[Gluster-users] [SPAM?] Re: strange error hangs any access to gluster mount

Tue Apr 5 20:38:29 UTC 2011

On 04/05/2011 03:08 PM, Burnash, James wrote:
> Hi Jeff.
> 
> Thanks again for the help - it's much appreciated.
> 
> I tried suggestion (1), and as you suspected - no joy.
> 
> For suggestions (2) and (3) - I haven't done (2) yet, because I don't
> have any available empty bricks to migrate the data from g04. I have
> plenty of space on existing bricks, but I don't think (from the docs)
> that is the intention of this activity, and I'd hate to lose data, as
> I'm already somewhat in the dog house.

You mean you haven't done (3) yet, right?  (2) shouldn't require any
extra space.

> Can you think of any work around to this problem? And what would be
> the effect of just implementing step (2)?

The effect should be to create a hash space that has no gaps or
overlaps, which will keep DHT in its normal state instead of trying (and
apparently failing) to self-heal. In the normal state, if DHT fails to
find a file where it expects based on hashing, it will find it elsewhere
and create a linkfile on a file-by-file basis. This might be slightly
inefficient until a rebalance is done, but with the top-level xattrs
manually repaired the rebalance might actually succeed. Alternatively,
the setfattr might fail, in which case we have something much simpler to
diagnose on those local filesystems.

I can't say there's no risk of data loss with any of these approaches,
I'm afraid, since we're in such a weird state and don't know how we got
there. What I can say is that, from my knowledge of the code, setting
that xattr manually shouldn't carry any greater risk of data loss than
removing them did. The worst outcome that seems likely is that it
doesn't help and we end up exactly where we are already.
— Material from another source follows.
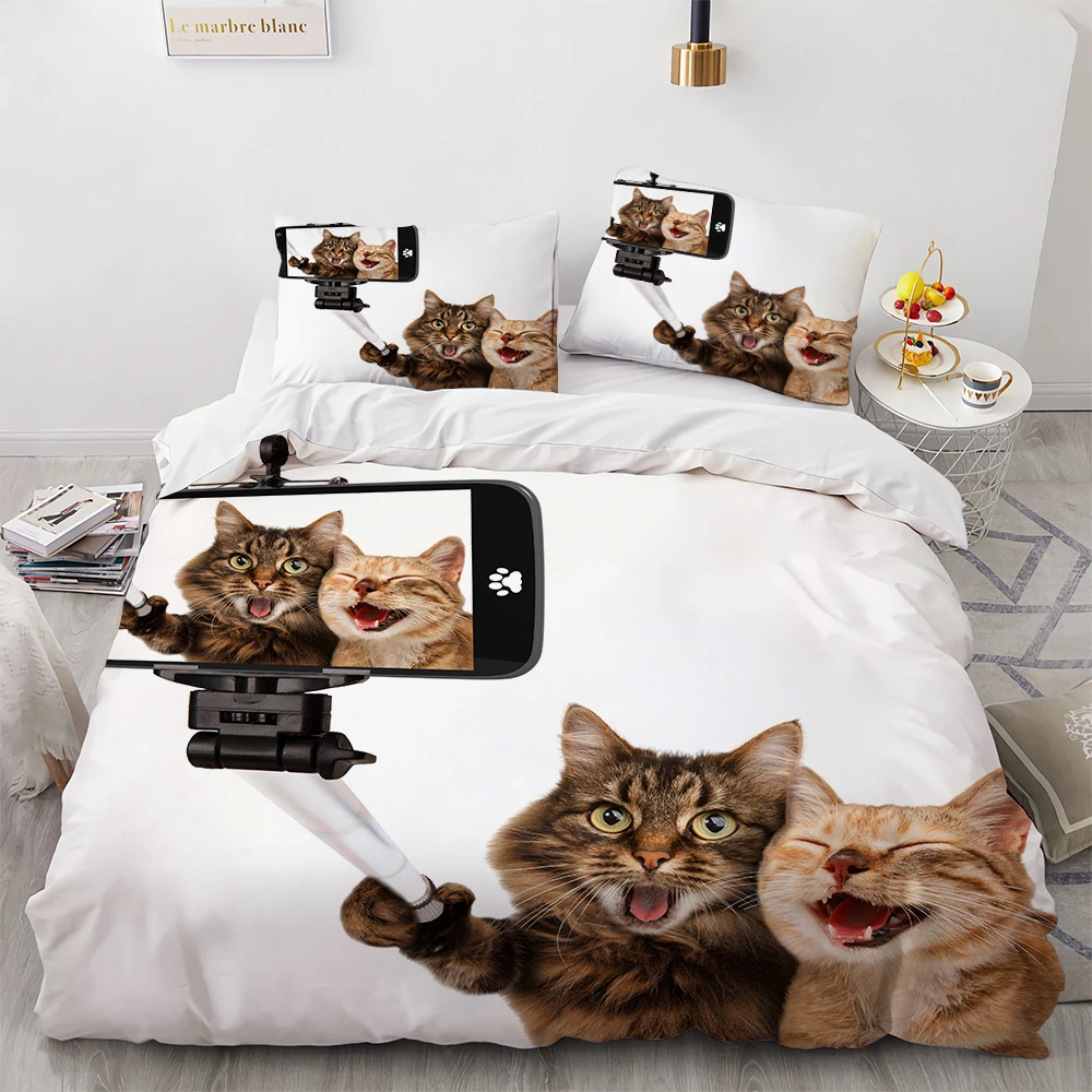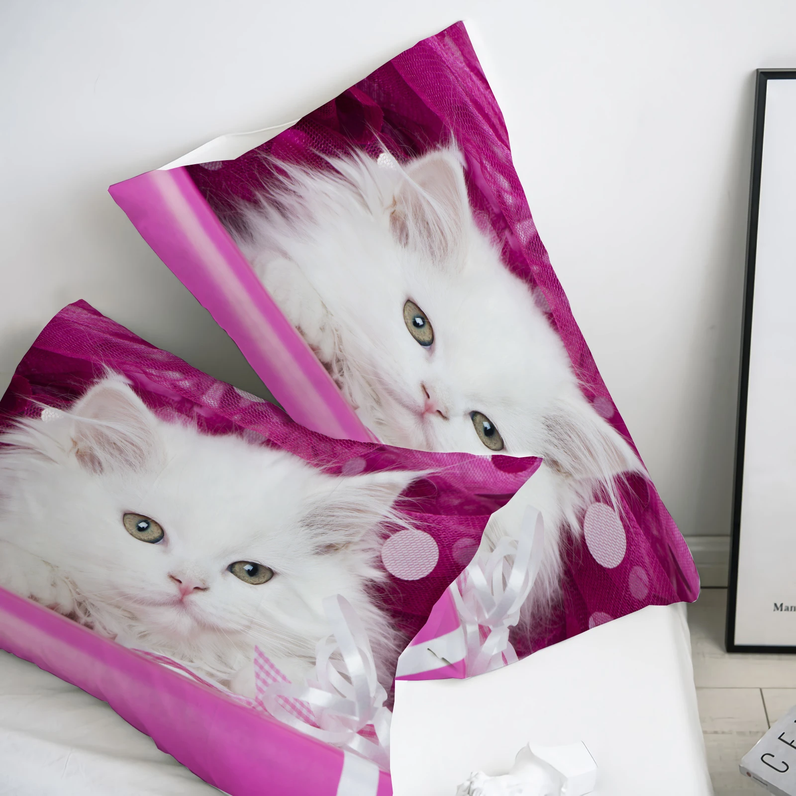 Комплект постельного белья с изображением милого белого кота для девушек и женщин, комфортный пододеяльник, мягкие покрывала для кровати, полноразмерное одеяло, роскошный подарок

> -----Original Message----- From: Jeff Darcy
> Now it looks like g04 on gfs17/gfs18 has no DHT xattrs at all,
> leaving a hole from d999998c to e6666657. From the log, the
> "background meta-data self-heal" messages are probably related to
> that, though the failure messages about non-blocking inodelks (line
> 713) and possible split brain (e.g. line 777) still seem a bit odd.
> There are also some messages about timeouts (e.g. line 851) that are
> probably unrelated but might be worth investigating. I can suggest a
> few possible courses of action:
> 
> (1) Do a "getfattr -n trusted.distribute.fix.layout" on the root
> (from the client side) to force the layouts to be recalculated. This
> is the same hook that's used by the first part of the rebalance code,
> but only does this one part on one directory. OTOH, it's also the
> same thing the self-heal should have done, so I kind of expect it
> will fail (harmlessly) in the same way.
> 
> (2) Manually set the xattr on gfs{17,18}:/.../g04 to the "correct" 
> value, like so:
> 
> setfattr -n trusted.glusterfs.dht -v \ 
> 0x0000000100000000d999998ce6666657 g04
> 
> (3) Migrate the data off that volume to others, remove/nuke/rebuild
> it, then add it back in a pristine state and rebalance.